Am I right in thinking that your PSL license would state that you were selling dogs, fish or reptiles for example. The legislation states that u need to keep a register of animals purchased and sold. but you would not have a PSL that states you can buy and sell DWA animals.

so you get a PSL for a reptile selling pet shop, then you can get what you want as long as you have the register up to date at all times for inspection.

I googled some info from a few councils; it wont let me copy and paste but it says just keep the species contained in the DWAA on a register which can be cross referenced to an invoice file, the purposes of the regidster is to asscertain the source of livestock and for emergemcy contact of purchaser, the name, addres and phone number of the purchaser should be obtained and kept on file.

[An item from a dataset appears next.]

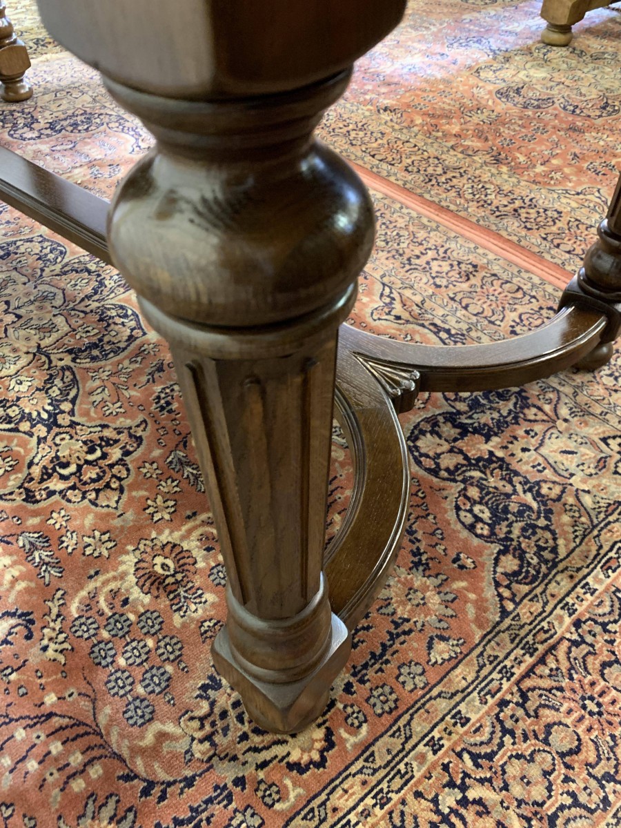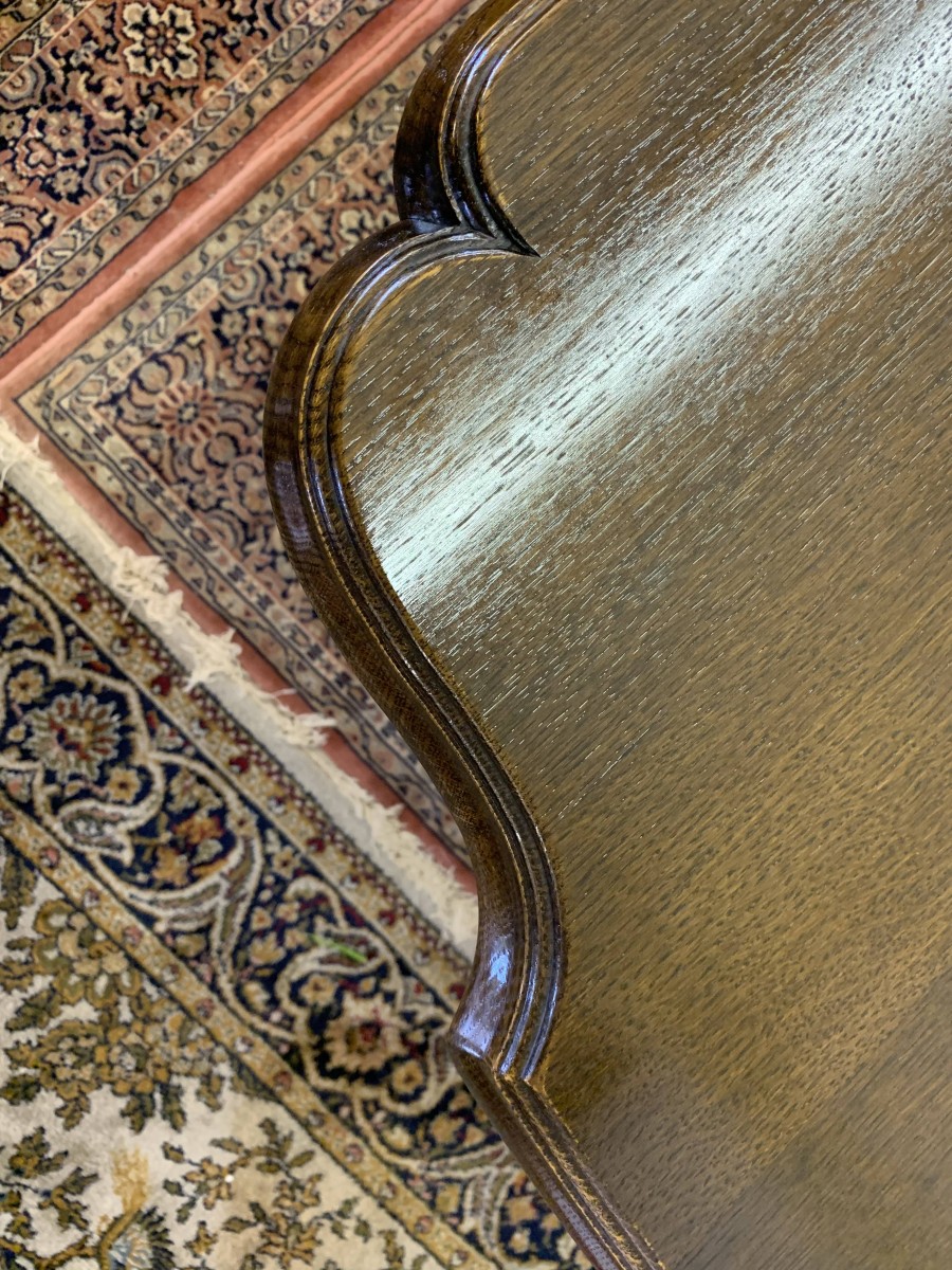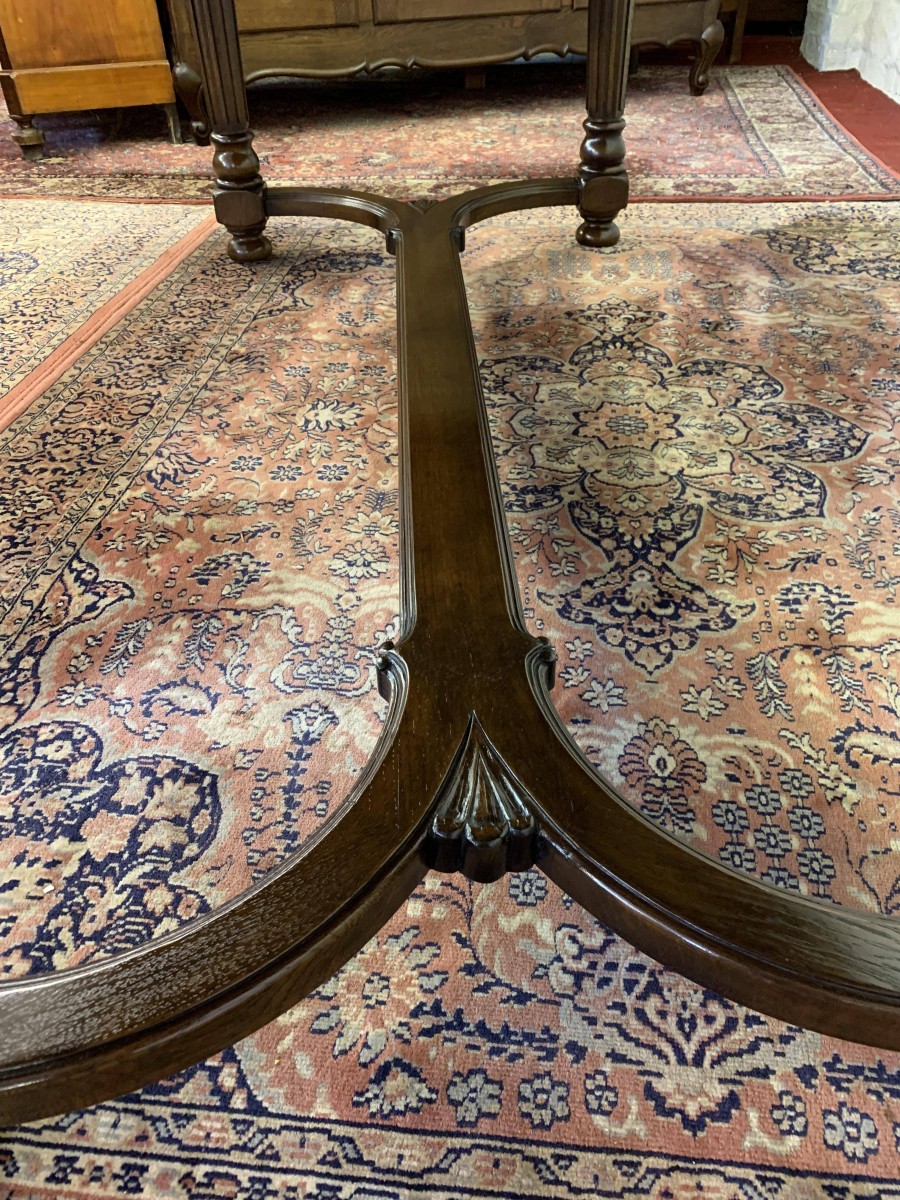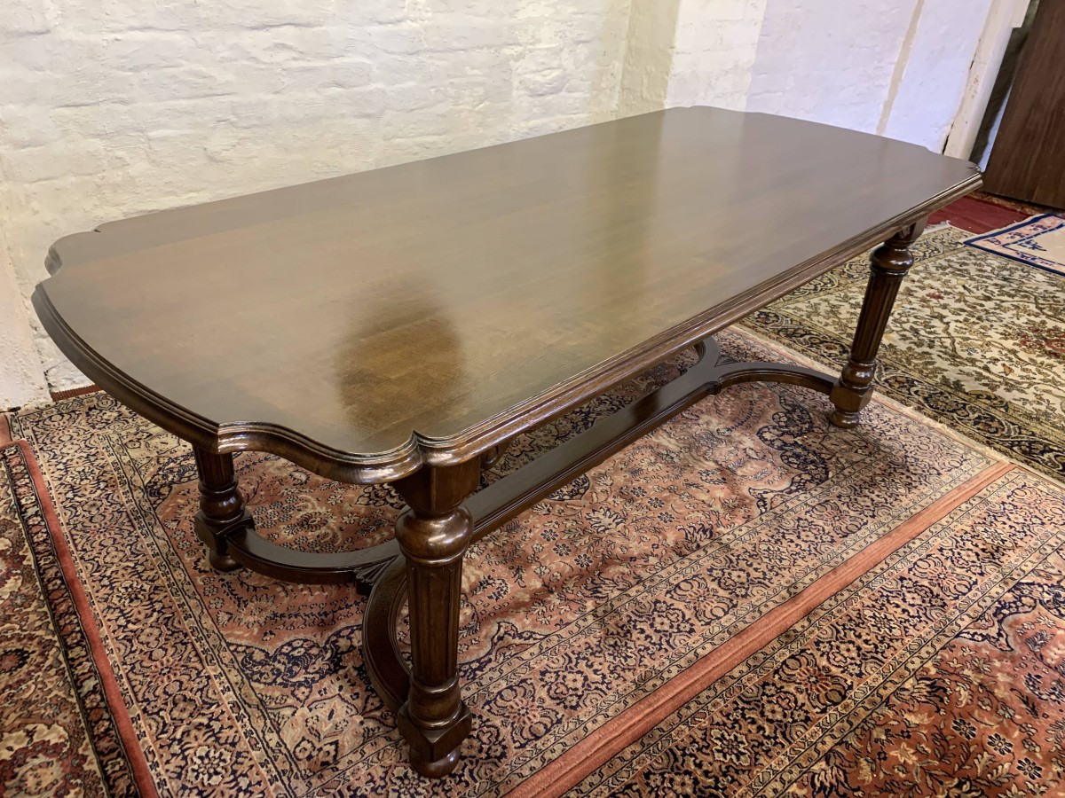 Table is made in solid oak. The top is shaped at both ends, with four turned and reeded legs, shaped carved supports this fabulous quality table stands on four turned bun feet.

section 4.1.4 of pet shop license conditions


----------



## ChrisBowman

anyone now how much a dwa is in wakefield


----------



## Cowboy-74

bowie1125 said:


> anyone now how much a dwa is in wakefield


there is alist of council charges 2006 somewhere on the dwa species page, not sure how many councils may have upped there charge by now though


----------



## MrKing

From £65 to £3000 - I am confused, it sounds like the councils just make there own prices up :bash:


----------



## SiUK

MrKing said:


> From £65 to £3000 - I am confused, it sounds like the councils just make there own prices up :bash:


yeh they do


----------



## davehuston

SiUK said:


> yeh they do


Basta*ds!


----------